A few hundred feet below the summit of Norwottuck, on the southern slope, a horizontal band of softer sandstone has eroded out from under the basalt cap, leaving a row of rock overhangs deep enough to shelter a horse and rider. Local tradition says the Horse Caves sheltered Daniel Shays and his men during Shays’s Rebellion in the winter of 1786–87; the documentary record is thin but the place is still called that. They sit a short, marked spur off the Robert Frost Trail near the Norwottuck summit.

What to know

  • Trailheads: Notch Visitor Center (Route 116) is the main lot. Parking is free; visitor-center lobby and bathrooms are open daily 9 AM-4 PM, with exhibits and the information desk open daily in spring, summer, and fall and Thursday-Monday in winter. Smaller trailheads are at the Mount Holyoke College end (off Route 116 in South Hadley), on Bay Road in Amherst, and at the Skinner Road / Mount Holyoke entrance in Hadley.

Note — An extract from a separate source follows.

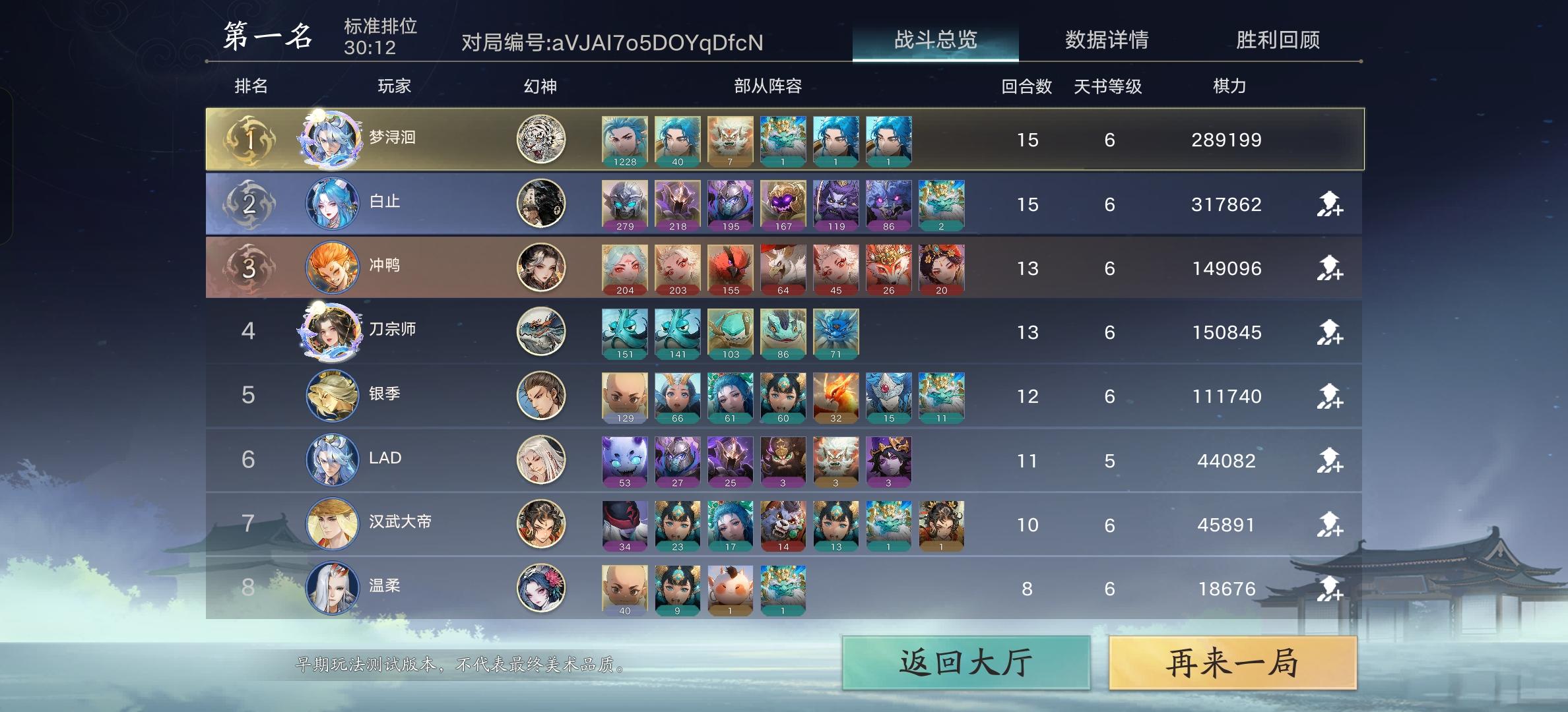 该流派充分利用龙宫珠光优势,凸出一个稳字,循序渐进,搭配一些特定的幻神也有较高的吃鸡率.基本战力10回合8万到12万,15回合到60万到100万左右,虽然上限不如一些套路,但下限非常高.战力增长曲线大概如下图,节奏非常稳健,除了前5回合战力偏低容易被入外,整体非常稳健.整体节奏分为前期后期两个阶段.前期前期已虾统手,虾枪兵,鲛人前锋,龟丞相,蛙力士,巡海夜叉,也就是前三星的龙宫牌基本都需求,主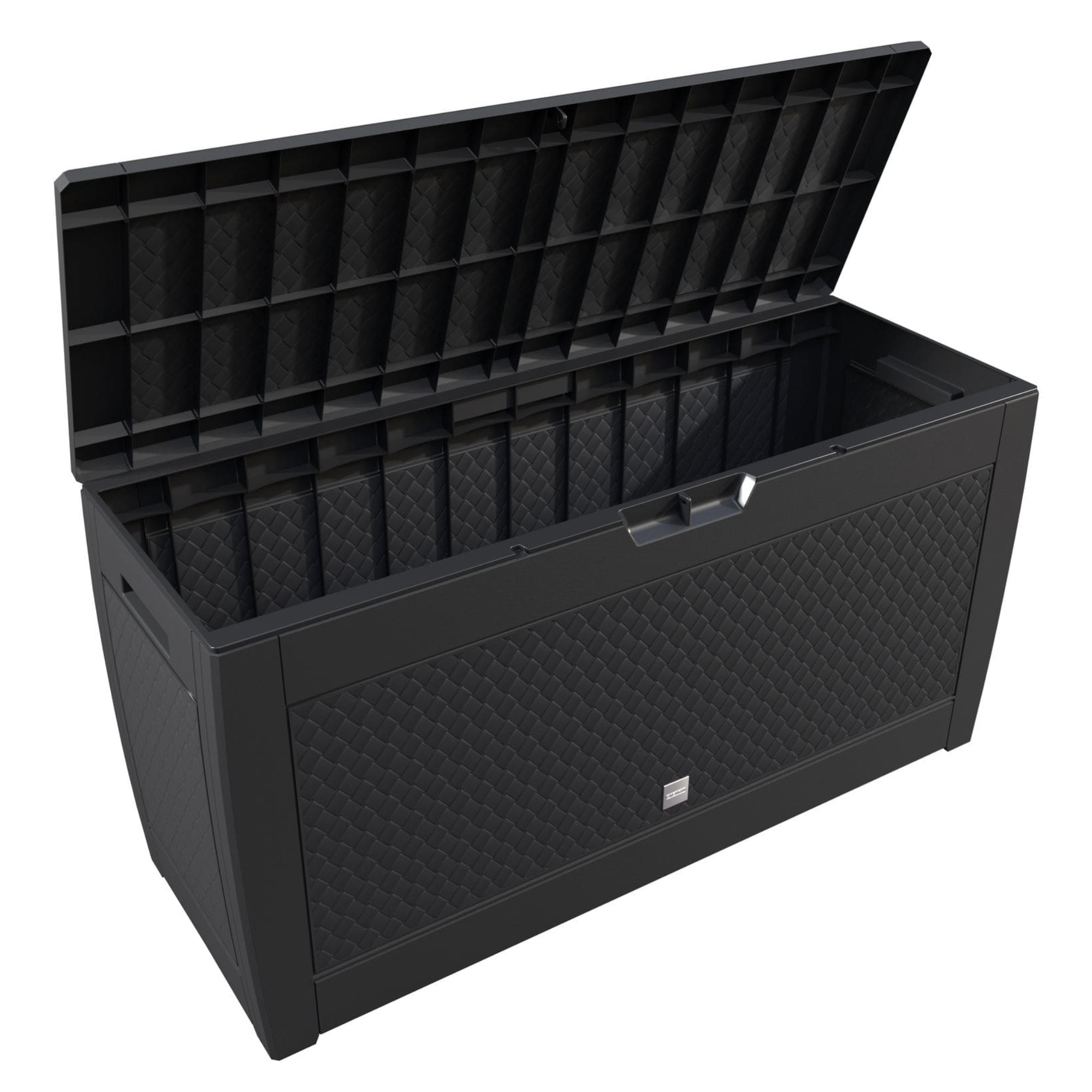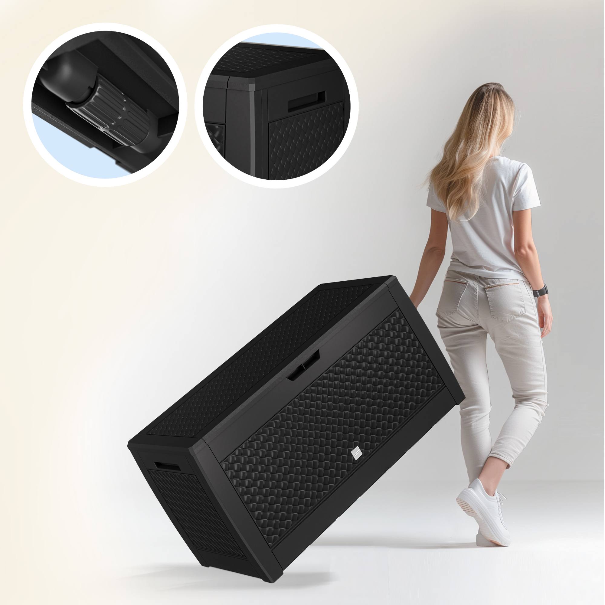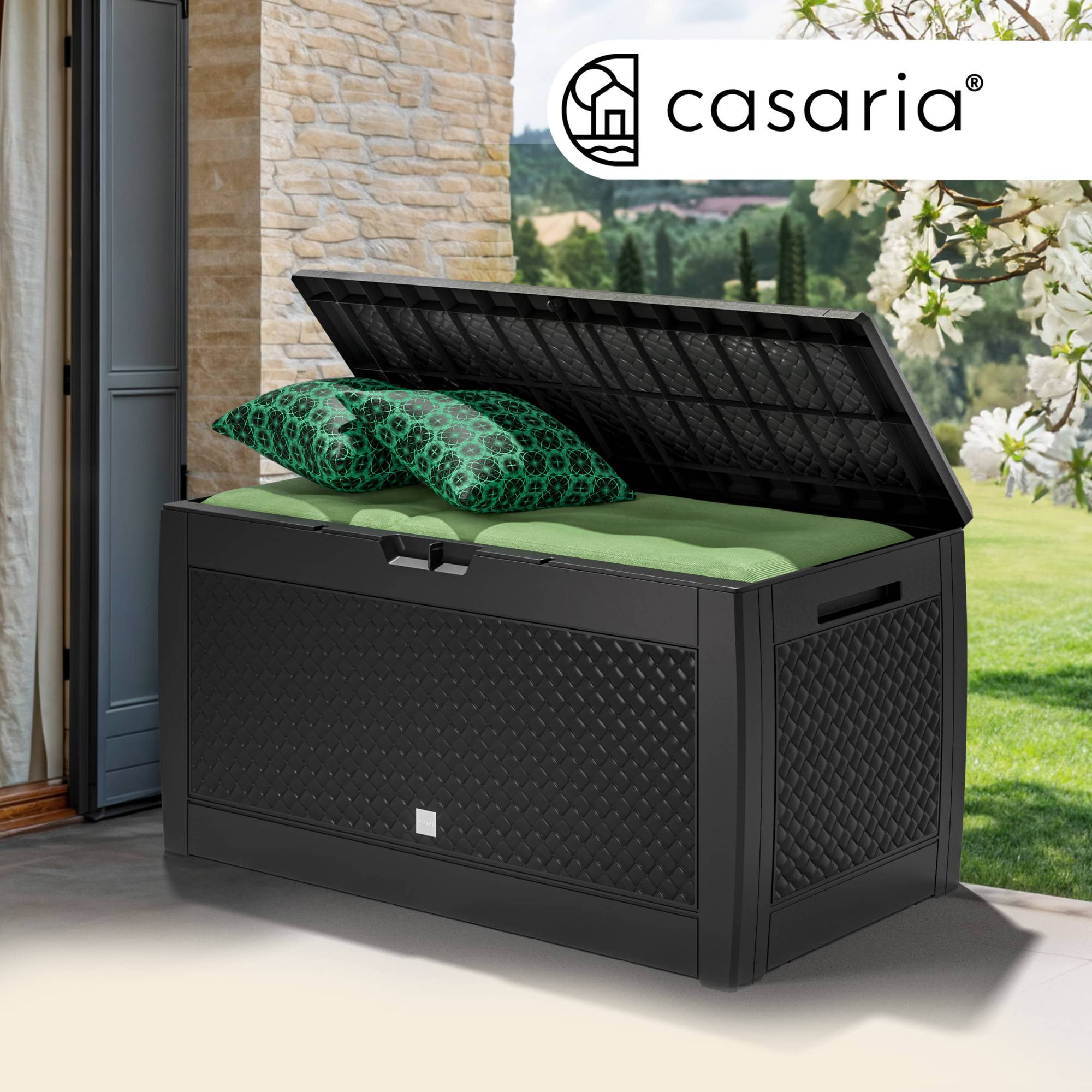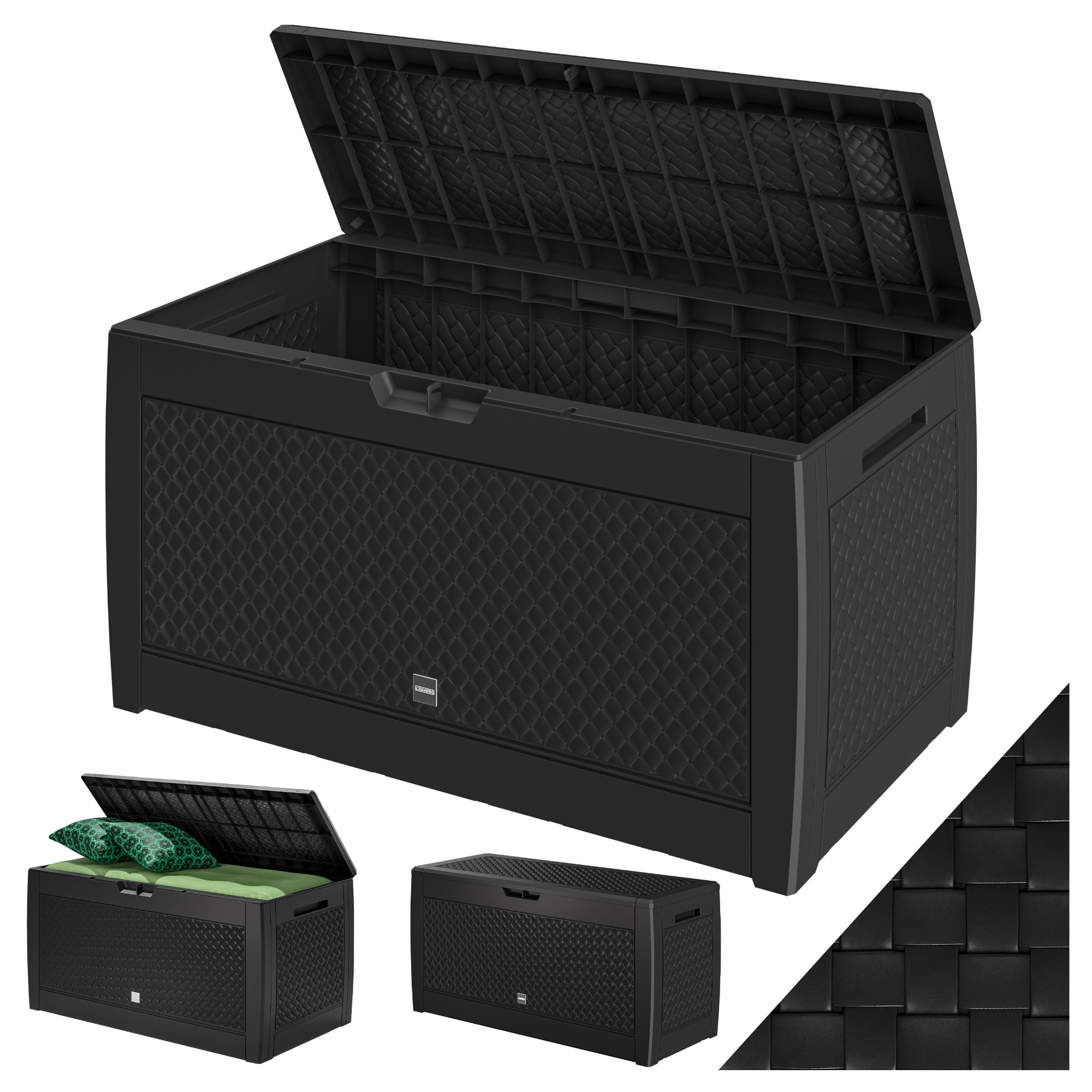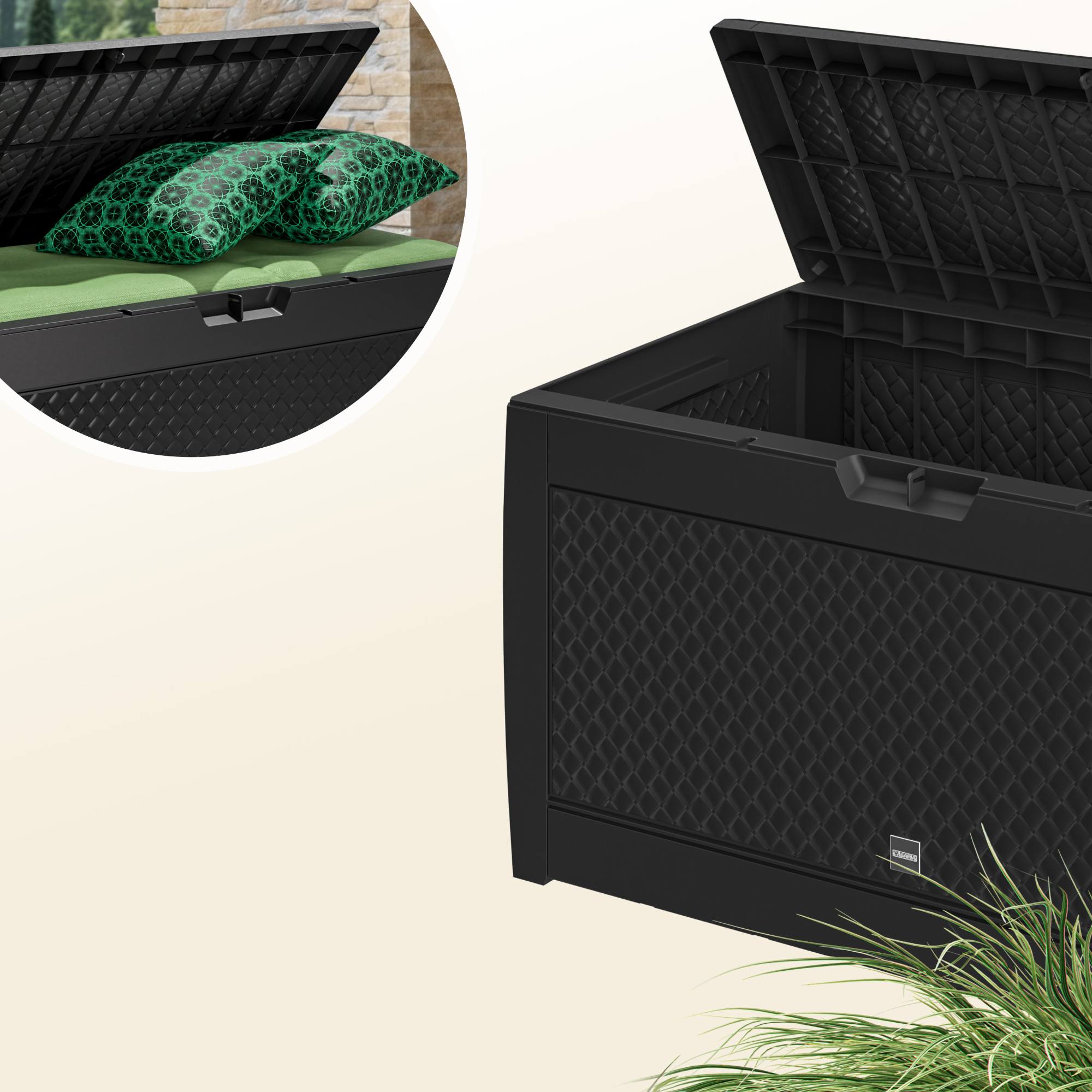 Je vyrobený z kvalitného plastu, odolného voči poveternostným vplyvom a UV žiareniu. Je teda ideálnou voľbou na celoročné použitie. Jeho robustné vyhotovenie s objemom 310 l ponúka dostatok úložného priestoru na vankúše, deky, hračky a ďalšie doplnky.

  • Trap-rock surface: the high ground is broken basalt and is hard on ankles when wet. Hiking poles help.
  • Year-round: the trails are open year-round; in winter the Notch lot is plowed but the upper trails carry packed snow and ice. Spikes through March.
  • Dogs: dogs must remain on leash.
  • Hunting: much of the surrounding land is open to hunting in season. Wear blaze orange in November.